• EXERCISE DIRECTIONS:
Your task is to transcribe exactly, and only, the lines running from the one with "Molekuly dendrimerů jsou" to the end of the listing below, inclusive, with every picture left out.

• DATASET EXCERPT:
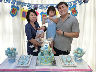 We saw another little baby over the weekend... Devon! He is Mummy's good friend, Diana's boy! He is dressed so smartly to celebrate Katelyn, his sister's birthday together. He started crying a little when Mummy carried him, oops.
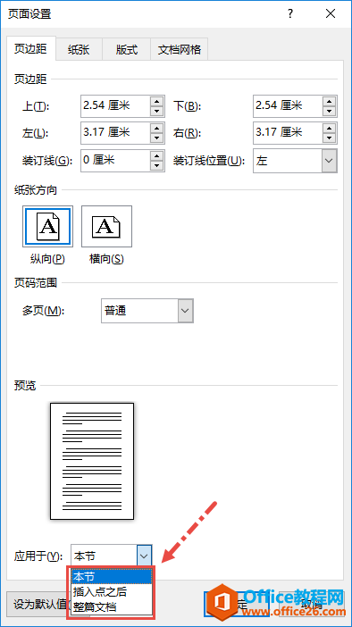 而在同一文档中为页面设置两个不同的页边距或纸张方向,可以【页面设置】对话框中,在【应用于】选项中选择应用于本节或应用于插入点之后来实现。
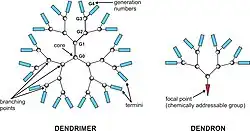 Molekuly dendrimerů jsou obvykle souměrné podle svých středů a často zaujímají kulovitý tvar. Většinou obsahují chemicky dostupnou funkční skupinu, nazývanou ohnisko nebo jádro. Rozdíly mezi dendrimery a dendrony jsou zobrazeny výše; tyto pojmy se však často zaměňují.[3]
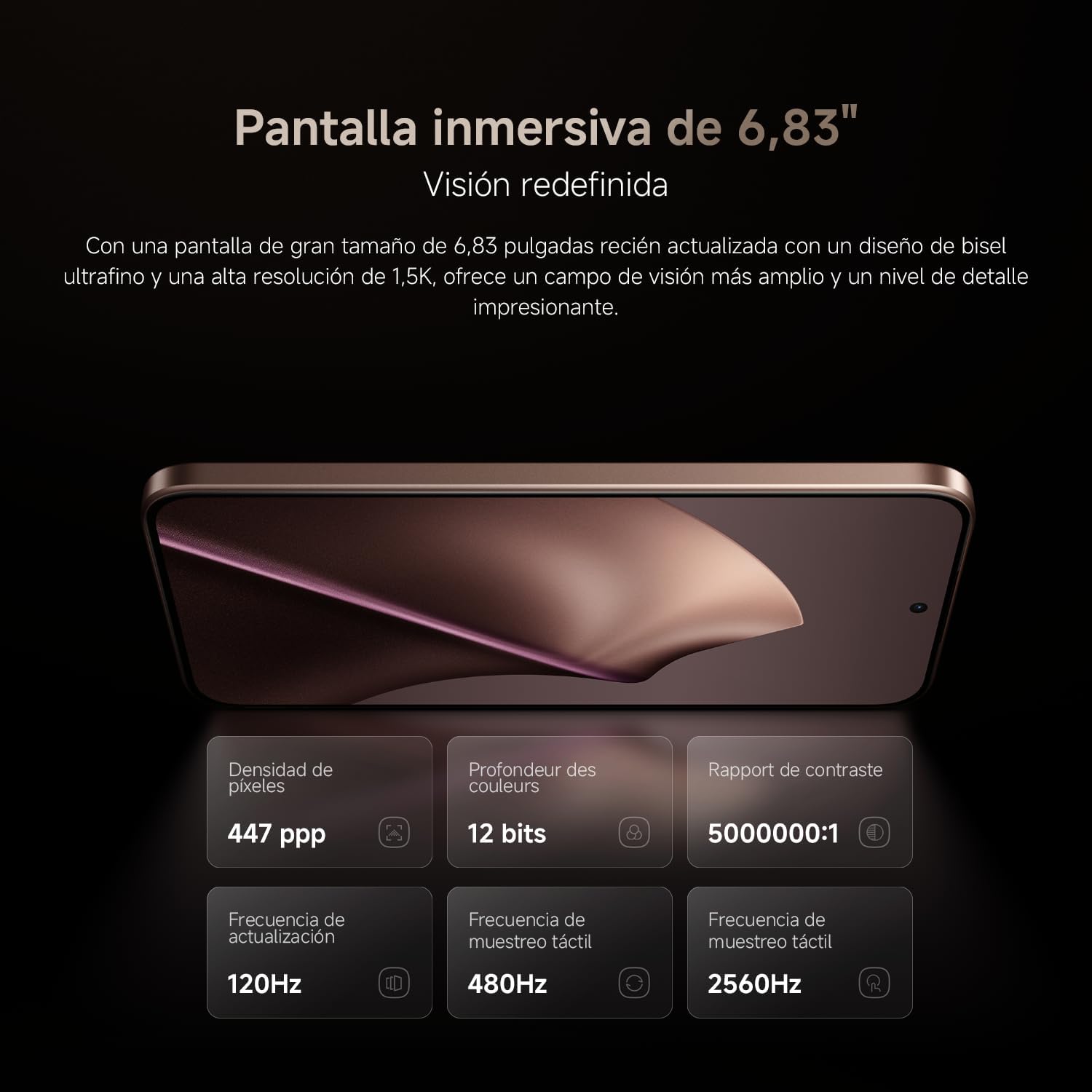 - Pantalla AMOLED 1,5K de 6,83″: 120 Hz, 3200 nits, HDR10+, Dolby Vision

• WRITTEN SOLUTION:
 Molekuly dendrimerů jsou obvykle souměrné podle svých středů a často zaujímají kulovitý tvar. Většinou obsahují chemicky dostupnou funkční skupinu, nazývanou ohnisko nebo jádro. Rozdíly mezi dendrimery a dendrony jsou zobrazeny výše; tyto pojmy se však často zaměňují.[3]
 - Pantalla AMOLED 1,5K de 6,83″: 120 Hz, 3200 nits, HDR10+, Dolby Vision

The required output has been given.